[
https://issues.apache.org/jira/browse/PDFBOX-1171?page=com.atlassian.jira.plugin.system.issuetabpanels:comment-tabpanel&focusedCommentId=13562602#comment-13562602
]
Thomas Chojecki commented on PDFBOX-1171:
-----------------------------------------
I'm running in some problems with this patch. We have some documents with
manipulated COSStrings and the parser will run into the IOException that break
the whole parsing process. I know that this are malformed document but letting
the parser crash IMO isn't the best solution. Maybe returning a empty string or
parsing as much bytes as possible will be a better way.

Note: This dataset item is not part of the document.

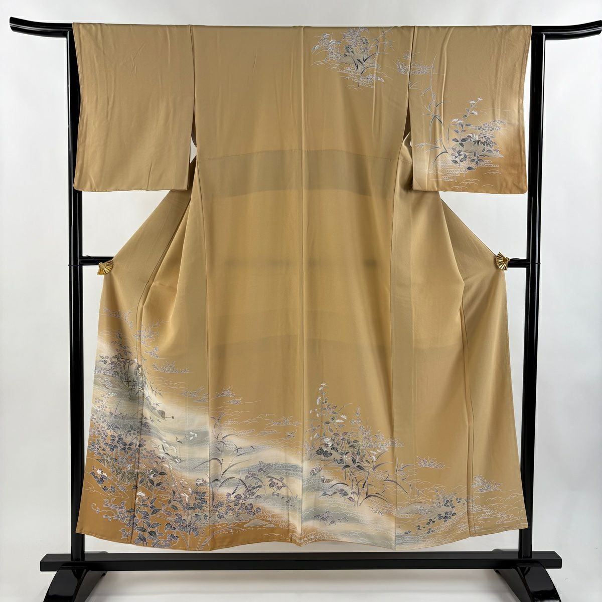 30%OFF 訪問着 身丈152.5cm 裄丈63.5cm S 袷 草花 金彩 染め分け ベージュ 正絹 秀品 K30

> Parsing hexadecimal strings is not strict enough + FIX
> ------------------------------------------------------
>
> Key: PDFBOX-1171
> URL: https://issues.apache.org/jira/browse/PDFBOX-1171
> Project: PDFBox
> Issue Type: Bug
> Components: Parsing
> Affects Versions: 1.7.0
> Reporter: Timo Boehme
> Assignee: Andreas Lehmkühler
> Priority: Minor
> Fix For: 1.7.0
>
> Attachments: BaseParser.diff
>
>
> Hexadecimal strings (strings in '<','>') are parsed in BaseParser with the
> same method parsing literal strings (strings in '(',')'). Since in literal
> strings the parsing of escape sequences and parentheses is quite tricky,
> there are a number of rules to capture problematic cases. However for
> hexadecimal strings this is not needed. Here we known of the allowed
> restricted character set and we don't have to count opening and closing
> brackets.
> The problem with the relaxed parsing (and therefore this is marked as bug) is
> with parsing documents containing trash data between objects (I have a number
> of them - however confidential ones - produced by verypdf.com, which seems to
> got updated a lot and after an endobj it contains e.g. <PrY... - simply some
> remainings from old objects). This trash would be no problem when parsing
> with an ISO conforming parser since these ranges would be ignored, but with
> the current sequential parser it is parsed and the best one can hope is that
> the trash is found to be not parseable and the parser searches for a new
> starting point via PDFParser#skipToNextObj. This is now where the problem
> with the relaxed hexadecimal parsing is: as in the example the opening '<'
> triggers a hexadecimal string parsing it because of later '<' it goes until
> end of document, reading all valid objects as string content. With a more
> strict parsing we would find that it is not a hexadecimal string with the
> second character.
> I have therefore added a method for parsing hexadecimal strings (see attached
> diff) which fails (IOException) if an invalid character is read (this method
> also runs faster than previous parser since there are only small number of
> cases to test).
> With this change I can now parse the mentioned (correct) documents (with
> forced parsing) which wasn't possible before.
--
This message is automatically generated by JIRA.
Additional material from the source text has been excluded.